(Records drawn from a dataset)
+-------+

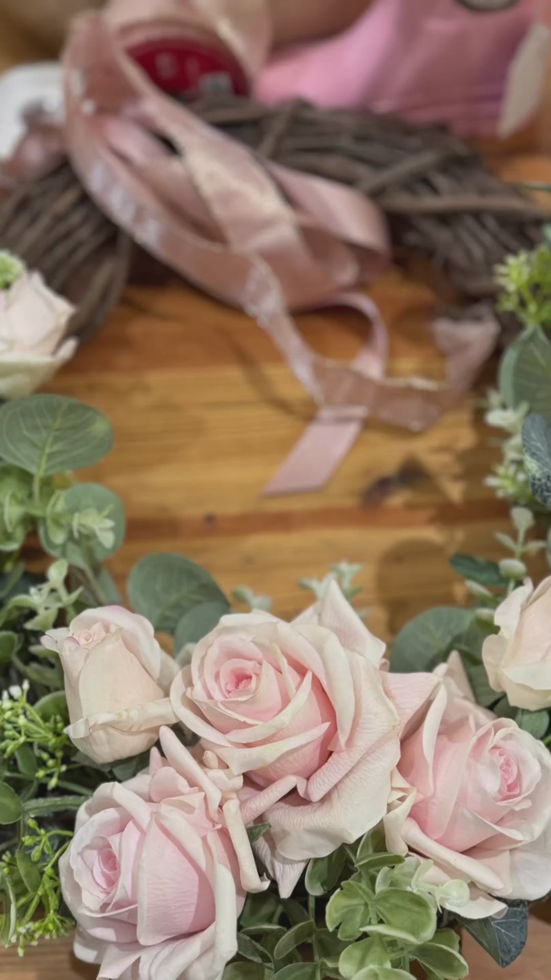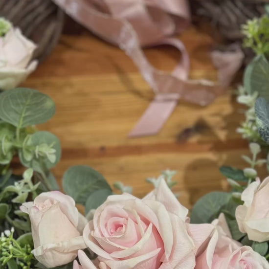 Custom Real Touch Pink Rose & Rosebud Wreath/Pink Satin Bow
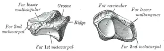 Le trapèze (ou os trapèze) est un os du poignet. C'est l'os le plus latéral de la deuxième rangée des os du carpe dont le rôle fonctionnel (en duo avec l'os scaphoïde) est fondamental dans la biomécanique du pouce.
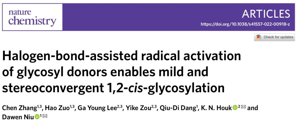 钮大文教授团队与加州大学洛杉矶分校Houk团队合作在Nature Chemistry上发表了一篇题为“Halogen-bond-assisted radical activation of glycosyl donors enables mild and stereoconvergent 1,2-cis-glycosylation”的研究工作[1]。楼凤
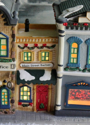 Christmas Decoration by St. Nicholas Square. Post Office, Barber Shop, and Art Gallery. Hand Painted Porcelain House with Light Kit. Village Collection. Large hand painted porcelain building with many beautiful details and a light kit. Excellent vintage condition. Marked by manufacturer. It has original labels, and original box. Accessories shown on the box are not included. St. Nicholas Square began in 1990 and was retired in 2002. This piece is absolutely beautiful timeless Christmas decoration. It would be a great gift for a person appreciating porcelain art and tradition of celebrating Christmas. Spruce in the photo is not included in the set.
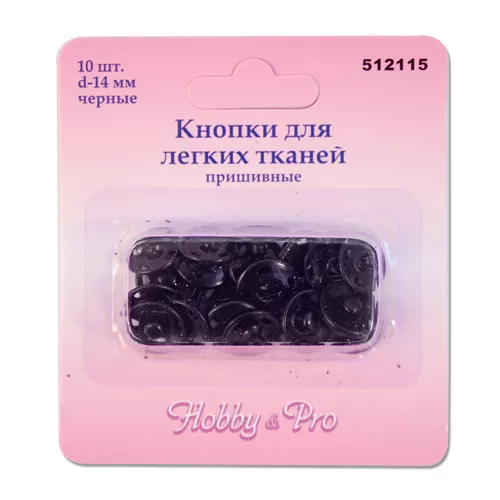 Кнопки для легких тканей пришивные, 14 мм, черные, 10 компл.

+-------+

▸ **WORK TASK**
Starting with the line that contains "Le trapèze (ou", print every line through the end of the data exactly as written; omit all pictures and add nothing else.

▸ **THE ANSWER**
 Le trapèze (ou os trapèze) est un os du poignet. C'est l'os le plus latéral de la deuxième rangée des os du carpe dont le rôle fonctionnel (en duo avec l'os scaphoïde) est fondamental dans la biomécanique du pouce.
 钮大文教授团队与加州大学洛杉矶分校Houk团队合作在Nature Chemistry上发表了一篇题为“Halogen-bond-assisted radical activation of glycosyl donors enables mild and stereoconvergent 1,2-cis-glycosylation”的研究工作[1]。楼凤
 Christmas Decoration by St. Nicholas Square. Post Office, Barber Shop, and Art Gallery. Hand Painted Porcelain House with Light Kit. Village Collection. Large hand painted porcelain building with many beautiful details and a light kit. Excellent vintage condition. Marked by manufacturer. It has original labels, and original box. Accessories shown on the box are not included. St. Nicholas Square began in 1990 and was retired in 2002. This piece is absolutely beautiful timeless Christmas decoration. It would be a great gift for a person appreciating porcelain art and tradition of celebrating Christmas. Spruce in the photo is not included in the set.
 Кнопки для легких тканей пришивные, 14 мм, черные, 10 компл.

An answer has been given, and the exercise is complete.